Open chrishokamp opened 9 years ago
we seem to be moving towards using representation generators for everything. the disadvantage here is that the user must then call create_contexts after generating their representations. With the parser approach they could go directly from data --> context objects.
Going directly from data to context objects is possible only if we don't need any additional representations. But we can create parsers to handle such scenario as well.
we can imagine a usecase where a user just wants to use a feature extractor on a dataset and get the features dumped back out. what is the simplest way for them to specify this in the config?
It can be specified in "datasets" in the same way as representation generators are specified now.
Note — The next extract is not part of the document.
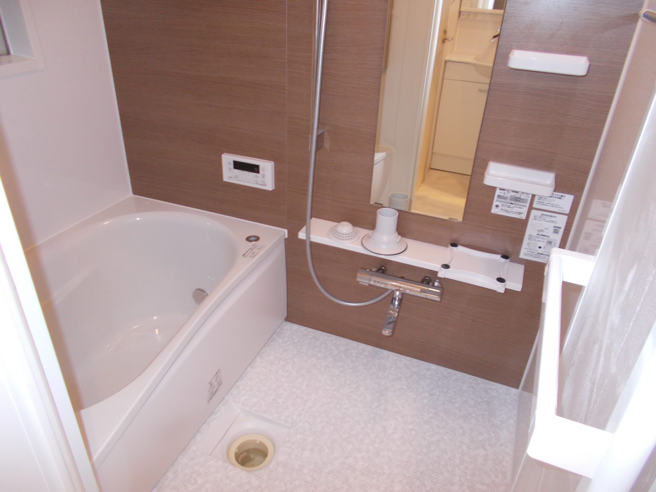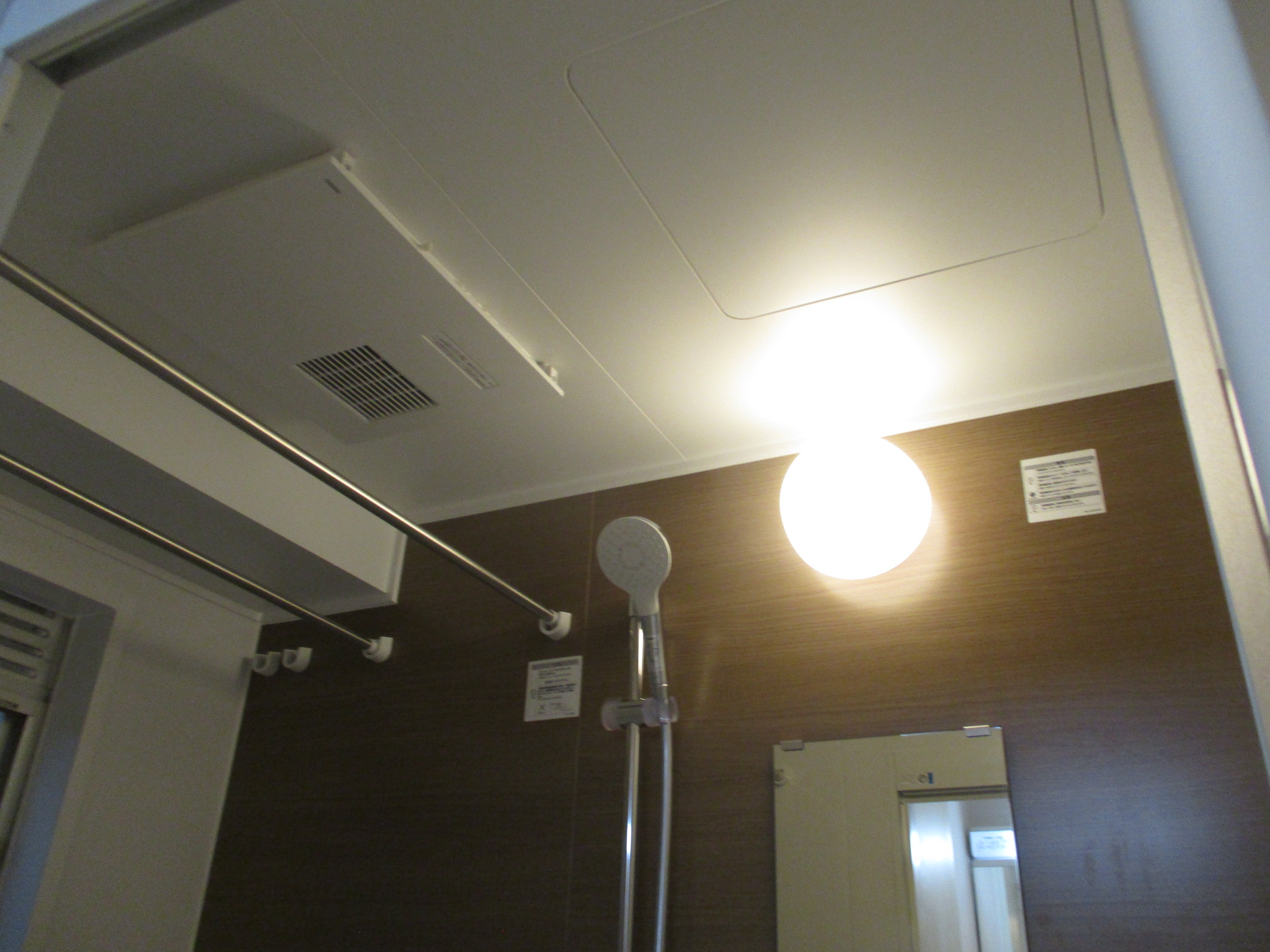 そして天井には、もう一つの最新設備である浴室乾燥機を新設いたしました。浴室乾燥機は、入浴後の浴室内の換気を行ってカビの発生を強力に抑えるだけでなく、温風を出して衣類を乾燥させたり、入浴前に浴室全体を暖めておいたりする極めて優秀な多機能設備です。

The main thing is then handle that in the code as well: if parsers go directly to context objects, there should be no representation generators applied to the output of parsers and no calling of create_contexts function.
yeah i think run_experiment really only handles one usecase right now. It may be easier to create more scripts like 'extract_features' instead of trying to handle every possible usecase inside one script.
On Fri, Feb 20, 2015 at 1:52 PM, varvara-l notifications@github.com wrote:
It can be specified in "datasets" in the same way as representation generators are specified now.
The main thing is then handle that in the code as well: if parsers go directly to context objects, there should be no representation generators applied to the output of parsers and no calling of create_contexts function.
— Reply to this email directly or view it on GitHub https://github.com/qe-team/marmot/issues/13#issuecomment-75240604.
right now, some of our parsers return context objects, and some of them return the filenames of implicitly whitespace-tokenized files. All parsers should take filenames as input, and return lists of lists as output.
It should be the responsibility of the representation generator to (1) generate the representation (2) persist or not persist the representation. The only job of a parser is to read some file format, and to return an object with { 'key': [[seq1_item1, seq1_item2, ...]]}